Un paesaggio angosciosamente terso fa da sfondo agli elementi pittorici dei quadri di Umberto Fabrocile. Sembra quasi che la visione delle opere avvenga, e può solo avvenire, attraverso un filtro di una lastra di vetro che, seppur separandoci, ci coinvolge nella realtà di un oggetto quotidiano, anche se, al tempo stesso, ne impedisce il contatto, l’appropriazione, poiché l’oggetto ha subito un processo di iconizzazione ed è diventato segno artistico, acquisendo un valore semantico amplificato. La sua dimensione di reale resta nell’ombra che si staglia da esso, o nell’inquietante rappresentazione statica di un momento cinetico quale il gocciolare di panni stesi ad asciugare o il loro sventolare al vento. Ovunque, tracce di una presenza discreta, appena accennata. Ma l’artista si concede anche a giochi di seduzione mentale più raffinati. Allora le ombre si trasformano in linee di confine, dove il dettaglio diviene fine a sé stesso nel suo netto isolamento spaziale dal contesto; ma è anche parte emotiva di un tutto composto da mondi paralleli che si intravedono tra loro, si sbirciano, ma non si intersecano. Sta a chi guarda, la scelta di andare oltre la linea di confine.

(Patrizio Siviero, Caserta 23 marzo 2002)

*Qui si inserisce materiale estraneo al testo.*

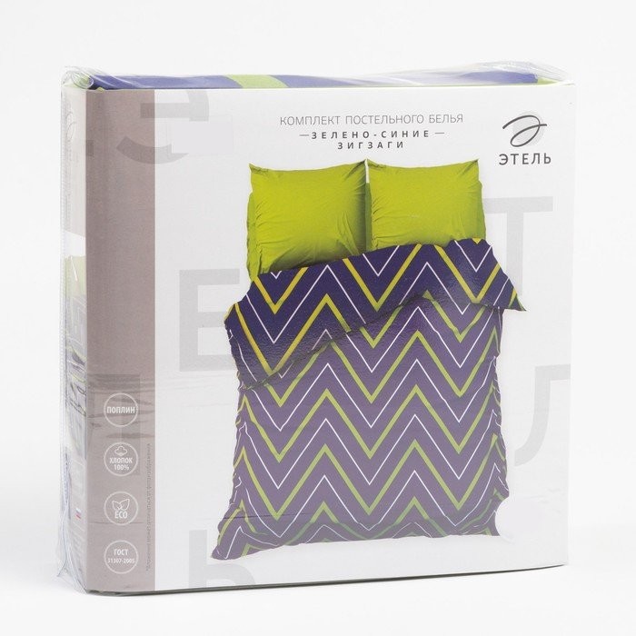 Постельное бельё Этель 1,5 сп «Зелёно-синие зигзаги» 143х215см 150х214см 70х70см 2 шт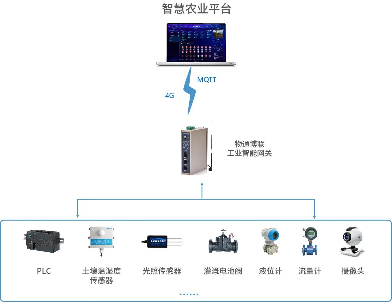 物联网网关实现对气象、虫灾、墒情等多源数据采集,并通过4G网络对接到数字化管理平台中。

La prima interpretazione dei lavori recenti di Umberto Fabrocile si concentra sul significato simbolico dell’arte come segno d’origine di una dimensione metaforica che costituisce un linguaggio “altro”, integrativo e talora alternativo della pagina scritta e della parola. Interpretazione che insegue il contenuto iconografico dell’opera e il suo progetto espositivo, caratterizzati da una forma espressiva nitida, da un linguaggio pulito ed essenziale, segnato da un lucido e intenso realismo visivo che si alimenta di multiple e alternate suggestioni ( il vuoto e il pieno, lo scaffale e l’oggetto su di esso collocato, il titolo dell’opera rappresentata e la sua traduzione allusiva e così via). Ad una successiva lettura si coglie però un senso più nascosto, più psicologico si direbbe, ma anche più poetico dell’arte. Si avverte che le opere non sono state scelte per caso e neppure con un criterio puramente coreografico o visivo: la scelta risponde ad un percorso interiore: un percorso affatto interpretato senza un principio e naturalmente senza un fine. L’opera cioè e la sua immagine riflessa e trasposta costituiscono il luogo di una dialettica speculazione della vita, quella dell’artista che interpreta il mondo in una forma visibile che corrisponde a quella invisibile, quella dell’artista che legge i nessi della stessa sua esistenza nel dialogo con l’altro da sé riflesso e mediato nell’immagine.Di qui, anche, lo stile di Fabrocile: la levigatura del tratto, l’evidenza tecnica, la scelta stessa di una forma di iperrealismo intimista e controllato. C’è insomma nella ricerca di Fabrocile il tratto di una indagine intima, che aspira a una sintesi di vita, a tradursi in presenza intellettuale, in logica dei sentimenti e della sensibilità. Una logica che ha tempi lunghi, che si intuisce presupporre la persistenza del tempo e l’apprensione dei suoi spazi interiori, delle sue vie silenziose e profonde nei chiusi riverberi dell’emozione e della coscienza. Un tempo che dilata le sue pareti sensibili nella tesa coniugazione di visione e memoria psicologica, tra passato e presente, tra realtà e immaginazione.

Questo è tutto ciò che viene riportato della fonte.